Quantum-mechanical treatment of the one-phonon inelastic scattering of gas atoms in three dimensions by a simplified continuum model of a solid

Abstract

A quantum-mechanical treatment of the one-phonon inelastic scattering of gas atoms in three dimensions by a solid surface is presented. Three major approximations made in the calculations are (i) the method of Cabrera, Celli, Goodman and Manson [Surface Science 19 (1970) 67] is used to calculate the relevant transition probabilities, (ii) atoms near the surface of the solid are treated at first as though they were in the bulk, although the fact that surface atoms differ dynamically from bulk atoms is taken into account later in a simple way, and (iii) the gas-surface interaction is represented by a potential which consists of an infinite repulsive step with zero well-depth, thus eliminating the possibility of bound states of gas atoms at the surface.

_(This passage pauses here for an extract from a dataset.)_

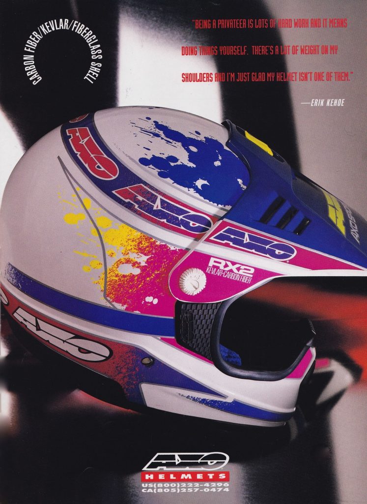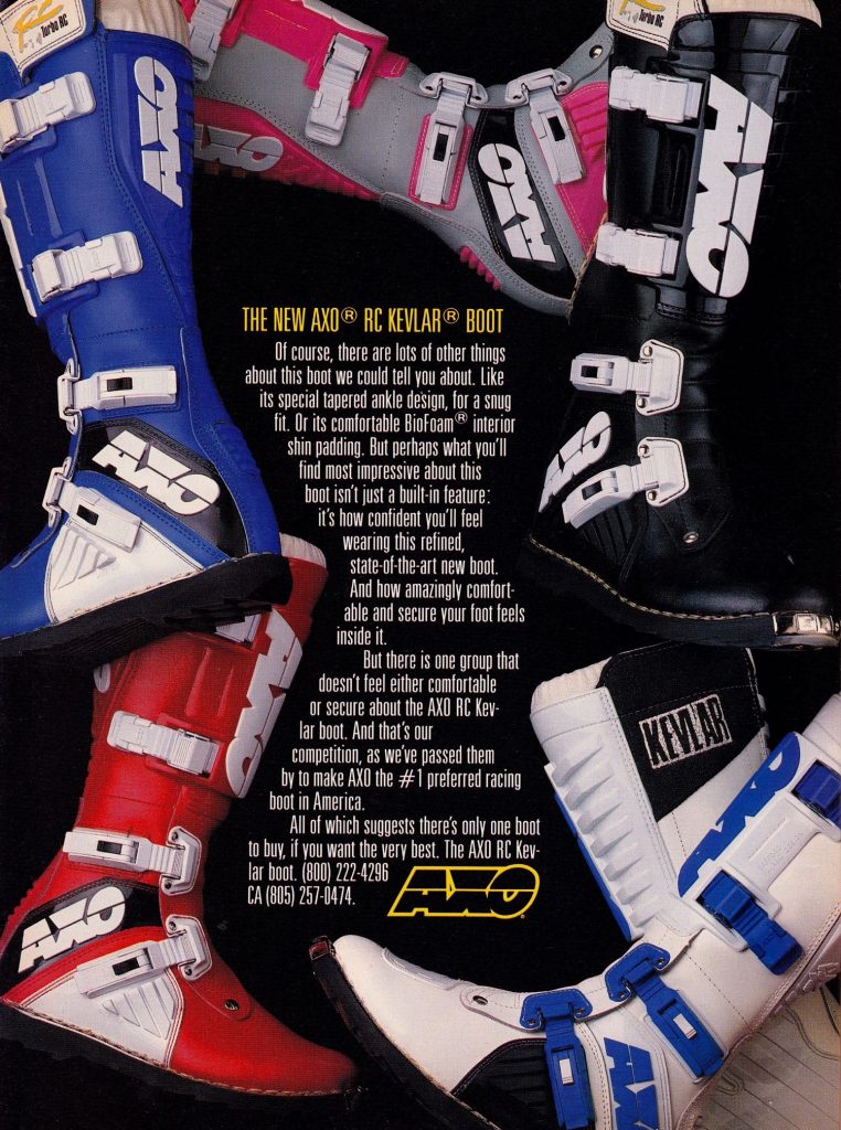 Blaze: The ’92 season was a big one for AXO, with the release of several new products and the two highest-profile riders in the sport under their tent. The new RX2 Kevlar (What the heck was it with AXO and all the Kevlar stuff in the early 90s? Did they get a deal on leftover Iran-Contra equipment from Ollie North or something?) helmet marked AXO’s first endeavor into producing a helmet.

The theory is a generalization to three dimensions of the one-dimensional theory reviewed by F.O. Goodman [Surface Science 24 (1971) 667]. Some of the problems associated with comparing any such theory with experiment are discussed in some detail, and, for the system HeAg, comparisons are made with experimental scattering distributions and speed measurements of the type reported by R. B. Subbarao and D. R. Miller [J. Chem. Phys. 51 (1969) 4679]. With a (bulk) Debye temperature of 226 K for Ag, satisfying qualitative agreement between theory and experiment is found.